• _EXERCISE DATA_:
=====
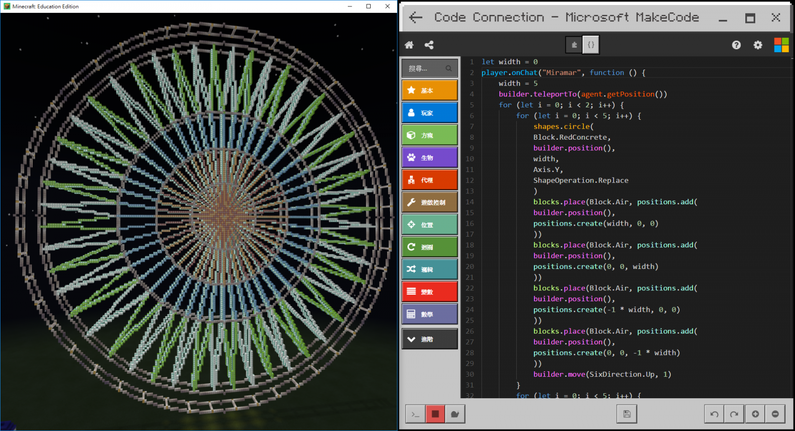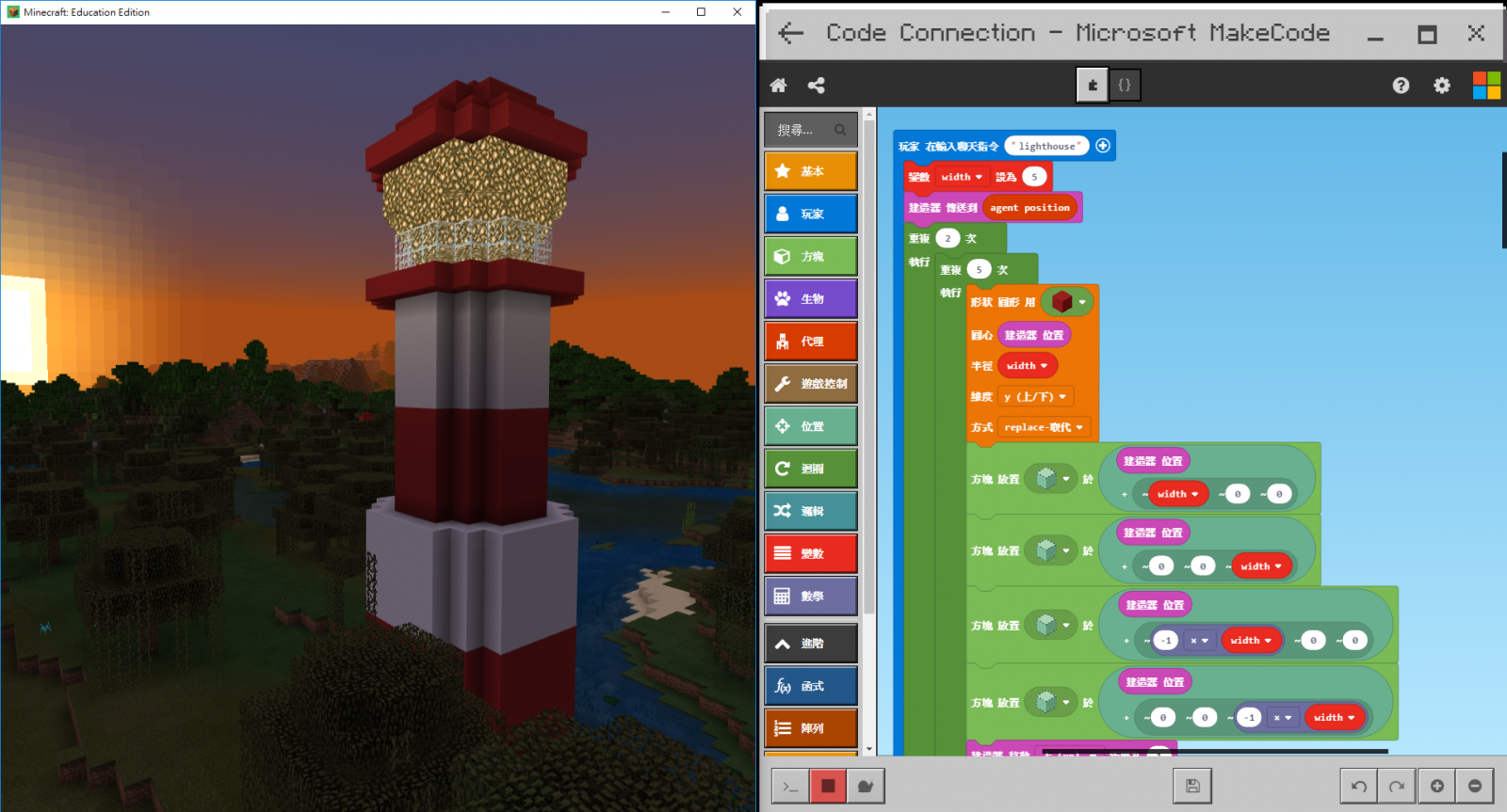 MakeCode 的編輯環境能讓學生能隨心而致的在 Minecraft 裡面設計自己所想要完成的事物,且更容易將自己的作品分享。此外還能夠應用於程式設計外的課程範疇,實現跨學科的STEAM教育。
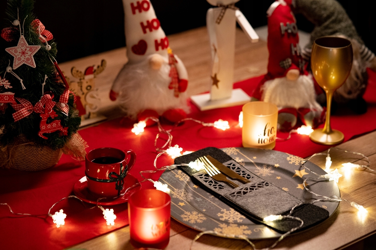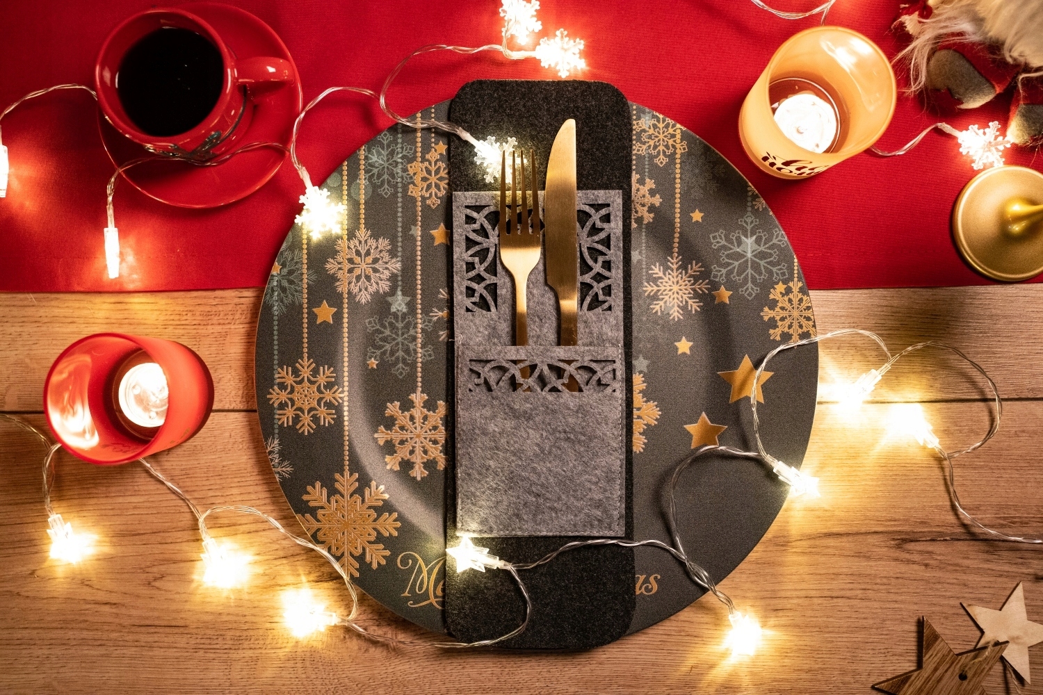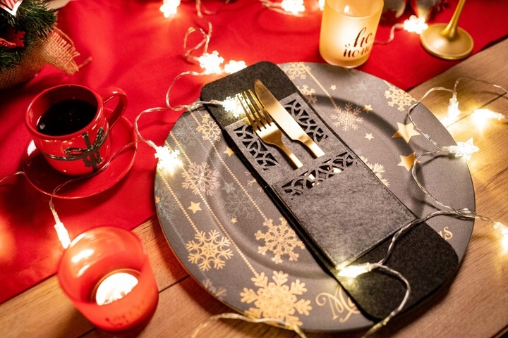 Рождественские столовые приборы охватывают серые чехлы 4 Пекс праздники для вечеринки
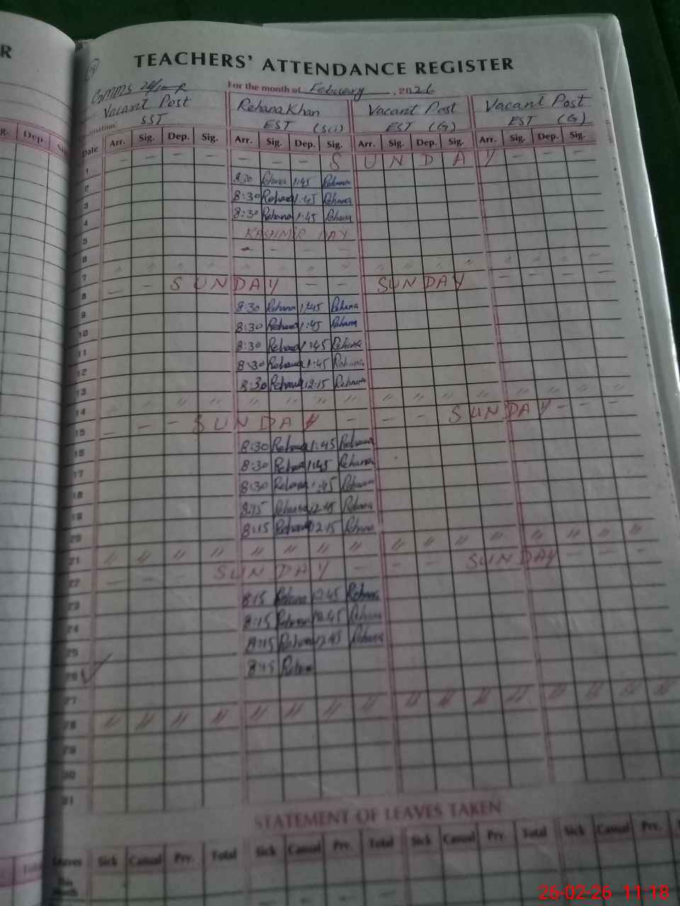 | Name: Re**** Kh**** Designation: (School Headmaster's/Headmistress's) EST Sci Phone/Cell Number: 03**** |
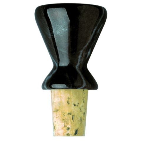 Wine Bottle Stopper, 1-5/8" dia. x 2-3/4" long., cone shape, flat top, tapered natural cork base, black marble (bulk pack)
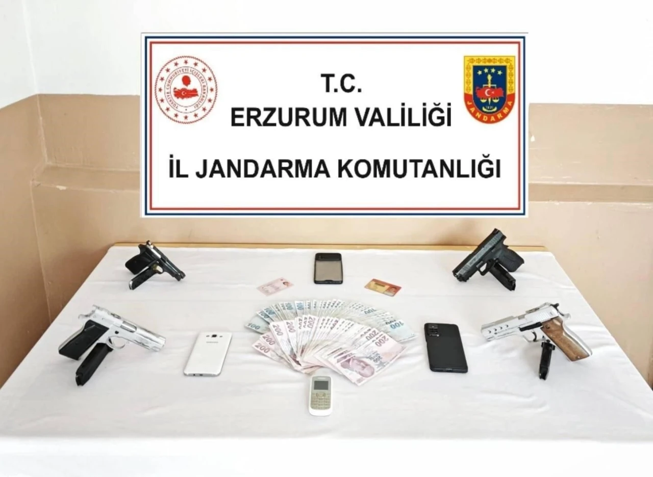 Erzurum İl Jandarma Komutanlığı ve Oltu İlçe Jandarma Komutanlığı tarafından gerçekleştirilen müşterek operasyonlarda bir araçta 4 adet tabanca, 5 adet şarjör, 23 adet 9 mm fişek, suçta kullanıldığı değerlendirilen 12 adet kimlik belgesi/kredi kartı, 15 bin 620 TL nakit para ve 4 adet telefon ele geçirildi. Olay şüphelisi bir şahıs, Cumhuriyet Savcısı’nın talimatıyla gözaltına alınarak hakkında adli işlem başlatıldı.
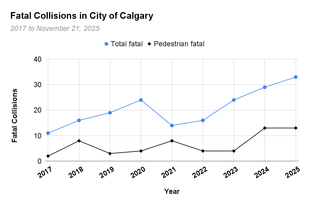Alarmingly, the number of fatal traffic collisions in Calgary continues to increase, including fatal collisions involving pedestrians. (Data source: City of Calgary)
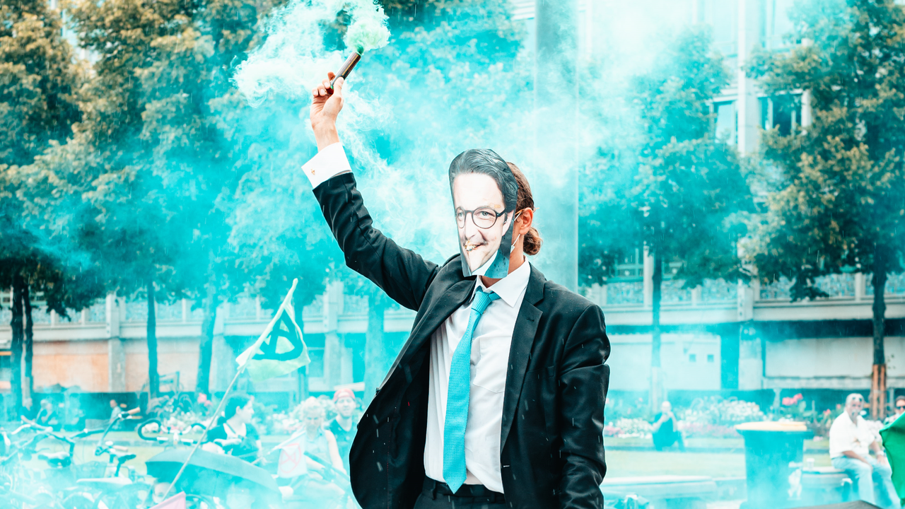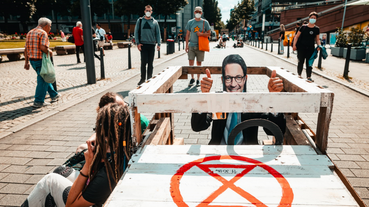 Mit dabei war dieses mal überraschend auch Bundesverkehrsminister Andi B. Scheuert. Mit seinem SUV ist er bis in die Blockade vorgefahren, um die Aktivisti zu unterstützen.
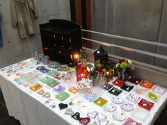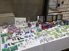 即売コーナーも、一点もののフュージング小物、ハウス型のランプなど、見ているだけで楽しめる商品がたくさんあります。
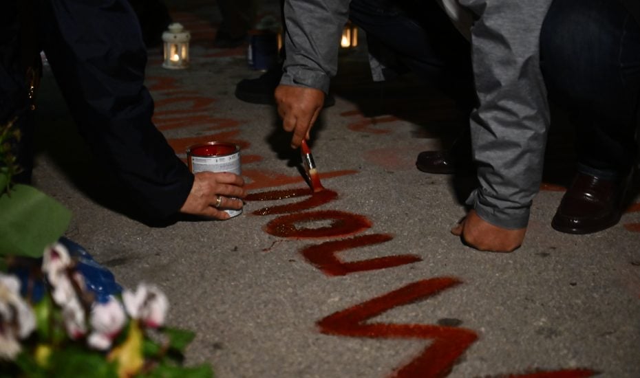 Η συγκέντρωση κορυφώθηκε με συγγενείς των θυμάτων, μεταξύ των οποίων και ο Πάνος Ρούτσι, να γράφουν ξανά τα ονόματα, με κόκκινη μπογιά, μπροστά από τη Βουλή.
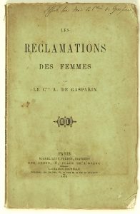 (PLAQUETTE FÉMINISTE) - «LES RÉCLAMATIONS DES FEMMES.» - Ouvrage de M. le Comte A. de GASPARIN, avec envoi autographe de la Comtesse de Gasparin - Impr. à PARIS, Michel LÉVY, Éditeur. LibrairieNouvelle. 1872; 76 pages in-8°.
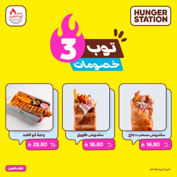 عرض هنقرستيشن بالتعاون مع فروج أبو العبد الذي يقدم خصومات استثنائية على مجموعة من أفضل السندويشات والوجبات السريعة وذلك ضمن عرض توب 3 الذي تم العرض عليه حديثا لا تفوتوا افضل عروض التوفير و استفيدوا من اقوى العروض و اشهى الوجبات
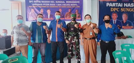Vaksinasi Pfizer Dosis 1 dan 2 diadakan secara masal daerah kecamatan sunggal sekitarnya, DPC PARTAI NASDEM juga melayani masyarakat, baik itu dari luar Kecamatan Sunggal. Di Dampingi Oleh Babinsa 01 AGUS Kecamatan Sunggal yang hadir.
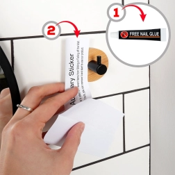 Āķi piestiprināsiet ar spēcīgu līmi un palīglīmplēvēm. Nepieciešama tīra, gluda virsma, un pēc 72 stundām savienojums būs maksimāli izturīgs.
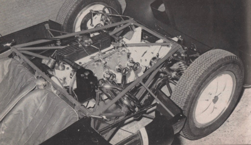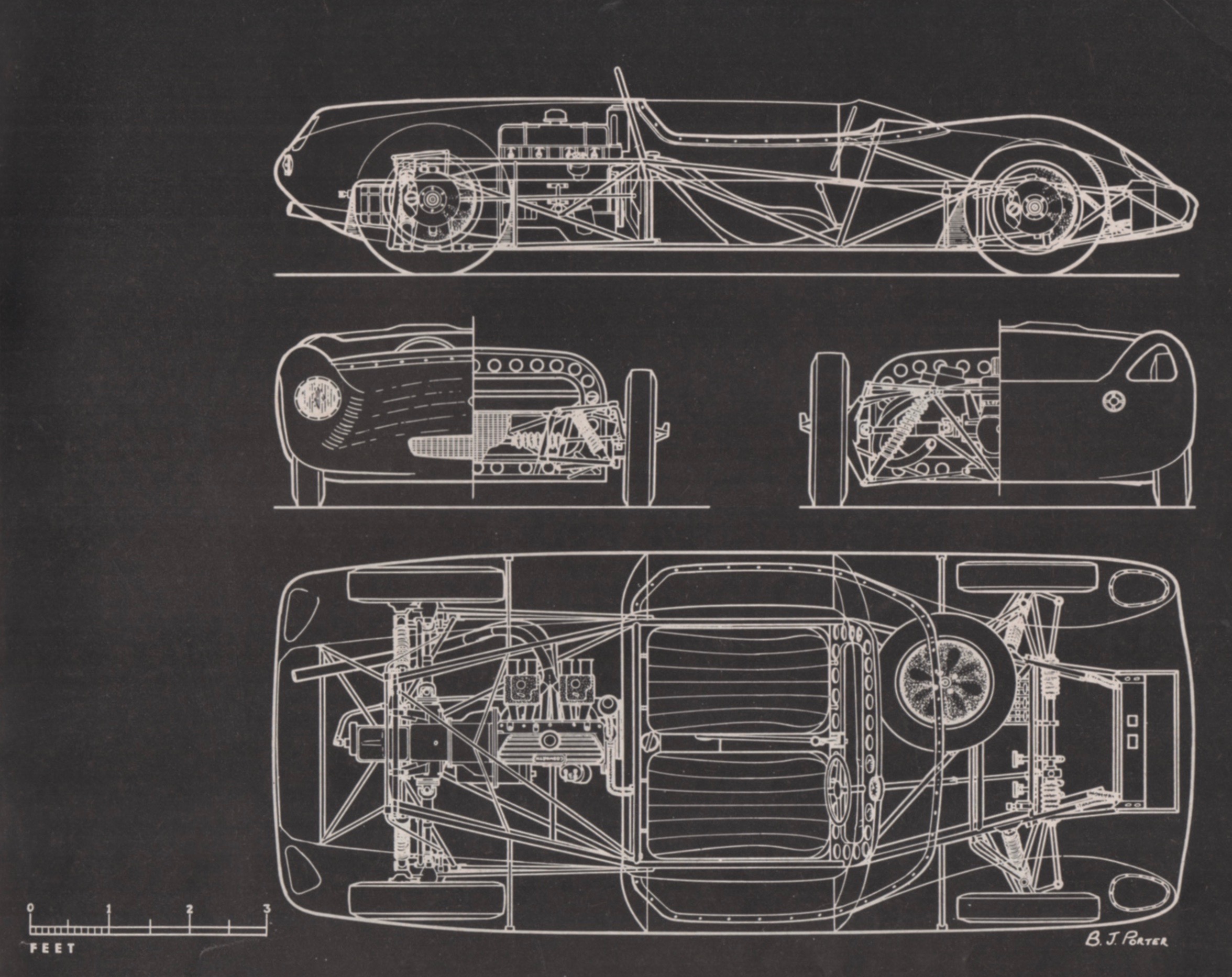 Appendix J Bodywork. International motorsports was still reacting to the 1955 Le Mans tragedy, and Phipps noted, “The bodywork, of resin-bonded glass-fiber, complies with Appendix J. Group IV, 1962, in respect to windscreen height, luggage space (alongside the engine) [my italics, not Phipps’], ground clearance and turning circle.”
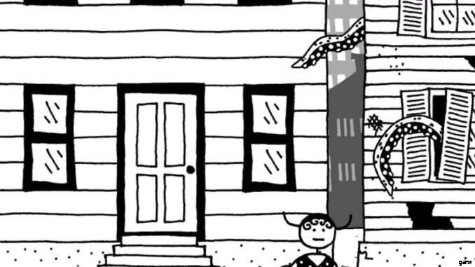 「New Game」を選択するとすぐに、顔に新聞紙を貼り付けたキャラクターが表示されます。左右に少し移動でき、右に移動するとメインメニューに戻るオプションが表示されます。また、通りに出て車にぶつかってすぐにゲームオーバーになることもあります.あなたが前に進む唯一の道は、ドアを通ってダイナーに入る方法です。
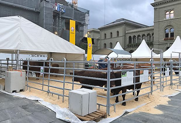 Das 40-jährige Jubiläum wird mit verschiedenen Anlässen gefeiert. So auch auf dem Bundesplatz in Bern, wo normalerweise ein Wasserspiel für Unterhaltung sorgt. In den kommenden Tagen werden Mütterkühe, Kälber und zwei Stiere den Platz in Anspruch nehmen. Insgesamt gibt es 10 verschiedene Rassen bestaunen. Auch Ziegen, Schafe und andere Tiere sind in Bern zugegen
=====
• _PROBLEM STATEMENT_:
Retype all the data exactly. Omit pictures.

• _THE ANSWER_:
 MakeCode 的編輯環境能讓學生能隨心而致的在 Minecraft 裡面設計自己所想要完成的事物,且更容易將自己的作品分享。此外還能夠應用於程式設計外的課程範疇,實現跨學科的STEAM教育。
 Рождественские столовые приборы охватывают серые чехлы 4 Пекс праздники для вечеринки
 | Name: Re**** Kh**** Designation: (School Headmaster's/Headmistress's) EST Sci Phone/Cell Number: 03**** |
 Wine Bottle Stopper, 1-5/8" dia. x 2-3/4" long., cone shape, flat top, tapered natural cork base, black marble (bulk pack)
 Erzurum İl Jandarma Komutanlığı ve Oltu İlçe Jandarma Komutanlığı tarafından gerçekleştirilen müşterek operasyonlarda bir araçta 4 adet tabanca, 5 adet şarjör, 23 adet 9 mm fişek, suçta kullanıldığı değerlendirilen 12 adet kimlik belgesi/kredi kartı, 15 bin 620 TL nakit para ve 4 adet telefon ele geçirildi. Olay şüphelisi bir şahıs, Cumhuriyet Savcısı’nın talimatıyla gözaltına alınarak hakkında adli işlem başlatıldı.
Alarmingly, the number of fatal traffic collisions in Calgary continues to increase, including fatal collisions involving pedestrians. (Data source: City of Calgary)
 Mit dabei war dieses mal überraschend auch Bundesverkehrsminister Andi B. Scheuert. Mit seinem SUV ist er bis in die Blockade vorgefahren, um die Aktivisti zu unterstützen.
 即売コーナーも、一点もののフュージング小物、ハウス型のランプなど、見ているだけで楽しめる商品がたくさんあります。
 Η συγκέντρωση κορυφώθηκε με συγγενείς των θυμάτων, μεταξύ των οποίων και ο Πάνος Ρούτσι, να γράφουν ξανά τα ονόματα, με κόκκινη μπογιά, μπροστά από τη Βουλή.
 (PLAQUETTE FÉMINISTE) - «LES RÉCLAMATIONS DES FEMMES.» - Ouvrage de M. le Comte A. de GASPARIN, avec envoi autographe de la Comtesse de Gasparin - Impr. à PARIS, Michel LÉVY, Éditeur. LibrairieNouvelle. 1872; 76 pages in-8°.
 عرض هنقرستيشن بالتعاون مع فروج أبو العبد الذي يقدم خصومات استثنائية على مجموعة من أفضل السندويشات والوجبات السريعة وذلك ضمن عرض توب 3 الذي تم العرض عليه حديثا لا تفوتوا افضل عروض التوفير و استفيدوا من اقوى العروض و اشهى الوجبات
Vaksinasi Pfizer Dosis 1 dan 2 diadakan secara masal daerah kecamatan sunggal sekitarnya, DPC PARTAI NASDEM juga melayani masyarakat, baik itu dari luar Kecamatan Sunggal. Di Dampingi Oleh Babinsa 01 AGUS Kecamatan Sunggal yang hadir.
 Āķi piestiprināsiet ar spēcīgu līmi un palīglīmplēvēm. Nepieciešama tīra, gluda virsma, un pēc 72 stundām savienojums būs maksimāli izturīgs.
 Appendix J Bodywork. International motorsports was still reacting to the 1955 Le Mans tragedy, and Phipps noted, “The bodywork, of resin-bonded glass-fiber, complies with Appendix J. Group IV, 1962, in respect to windscreen height, luggage space (alongside the engine) [my italics, not Phipps’], ground clearance and turning circle.”
 「New Game」を選択するとすぐに、顔に新聞紙を貼り付けたキャラクターが表示されます。左右に少し移動でき、右に移動するとメインメニューに戻るオプションが表示されます。また、通りに出て車にぶつかってすぐにゲームオーバーになることもあります.あなたが前に進む唯一の道は、ドアを通ってダイナーに入る方法です。
 Das 40-jährige Jubiläum wird mit verschiedenen Anlässen gefeiert. So auch auf dem Bundesplatz in Bern, wo normalerweise ein Wasserspiel für Unterhaltung sorgt. In den kommenden Tagen werden Mütterkühe, Kälber und zwei Stiere den Platz in Anspruch nehmen. Insgesamt gibt es 10 verschiedene Rassen bestaunen. Auch Ziegen, Schafe und andere Tiere sind in Bern zugegen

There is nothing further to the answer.